Berperang melawan penguasa yang memusuhi syariat Allah menuntut suatu pengharapan besar kepada Allah. Ia juga menuntut adanya kelapangan dada dalam menunaikan kewajiban, sehingga tidak membuat surut langkah. Bagaimanapun para pengemban dakwah harus menanamkan harapan ke dalam hati mereka dan hati kaum muslimin dalam situasi genting dan kritis yang kelak mereka hadapi.

Mereka harus senantiasa ingat bahwa Allah senantiasa mengiringkan antara keadaan yang sangat sulit dengan pertolongan dan kelapangan. Alangkah sangat gelapnya malam apabila fajar telah dekat. Situasi sempit, ketakutan, pengusiran, kelaparan, pembunuhan, pelenyapan nyawa-nyawa orang-orang saleh dan pengemban risalah sering membawa ke tepi jurang keputus-asaan.

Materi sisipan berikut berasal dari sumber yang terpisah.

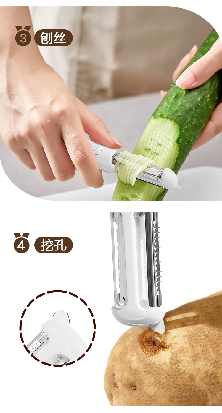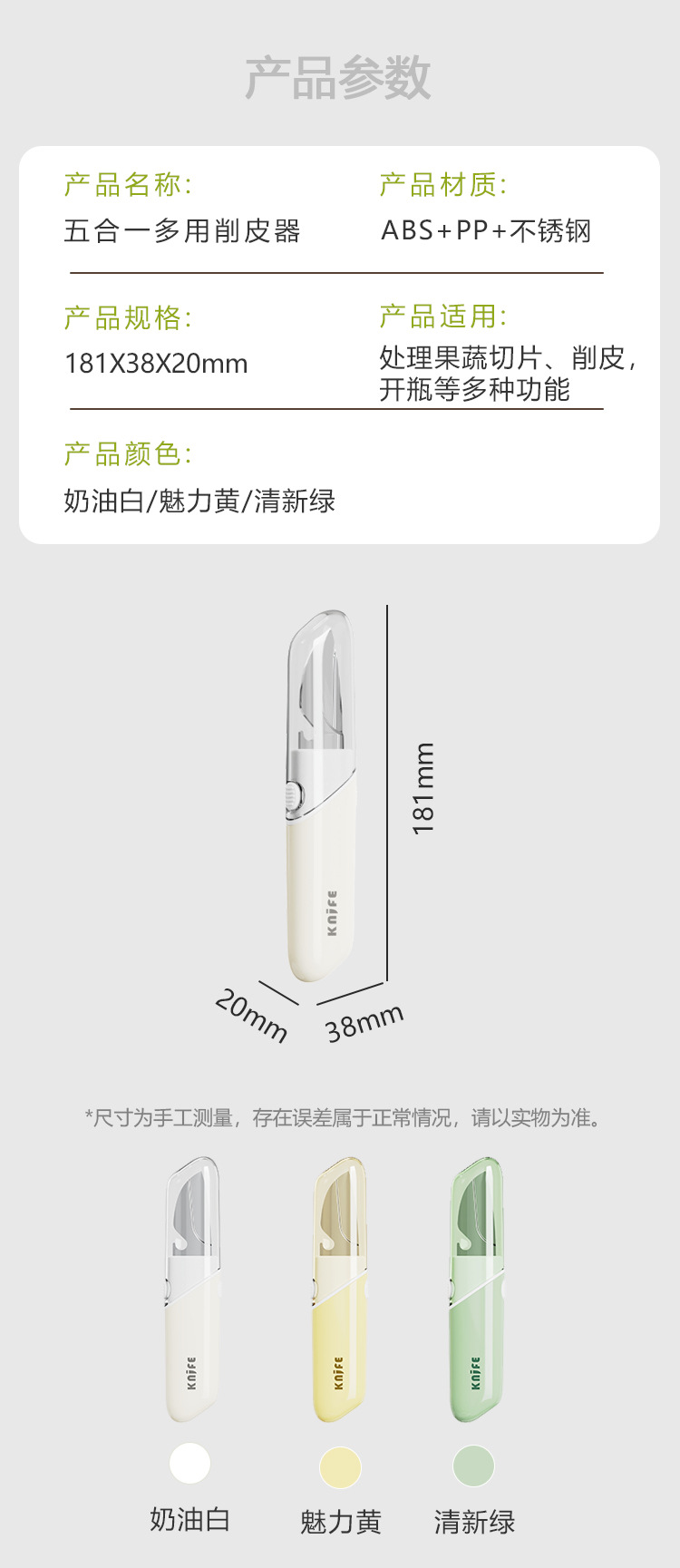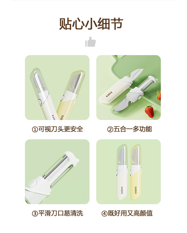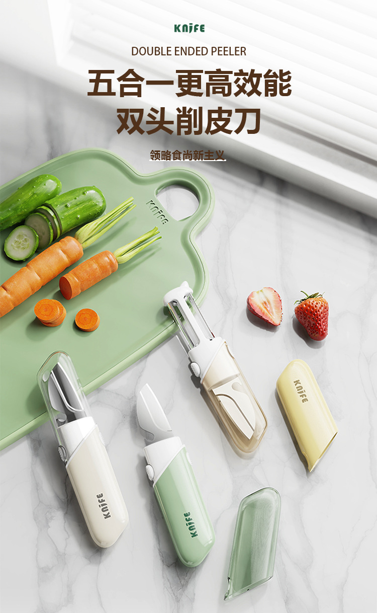 5 대 1 과일 칼 필러 커터 병 오프너 아이 파기 휴대용 다기능 필러 과일 칼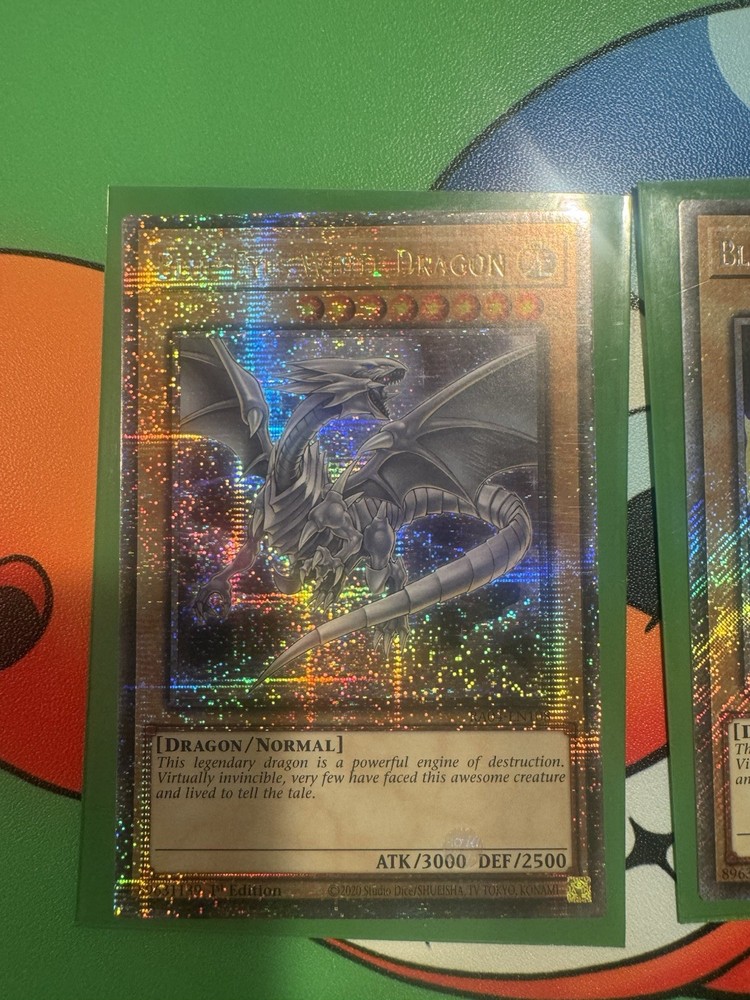 You buying cards in images, 2 blue white dragon . 1 quarter and 1 plat secret

Dan ini tidak boleh terjadi. Sebab hakikatnya para musuh Allah itulah yang akan dihinggapi rasa putus asa akibat sulitnya memadamkan kebenaran dari Allah swt.

إِنَّهُۥ لَا يَايْـَٔسُ مِن رَّوْحِ ٱللَّهِ إِلَّا ٱلْقَوْمُ ٱلْكَٰفِرُونَ

 “Sesungguhnya tiada berputus asa dari rahmat Allah, melainkan kaum yang kafir,” (Yusuf: 87). Wallahua’lam bis showwab.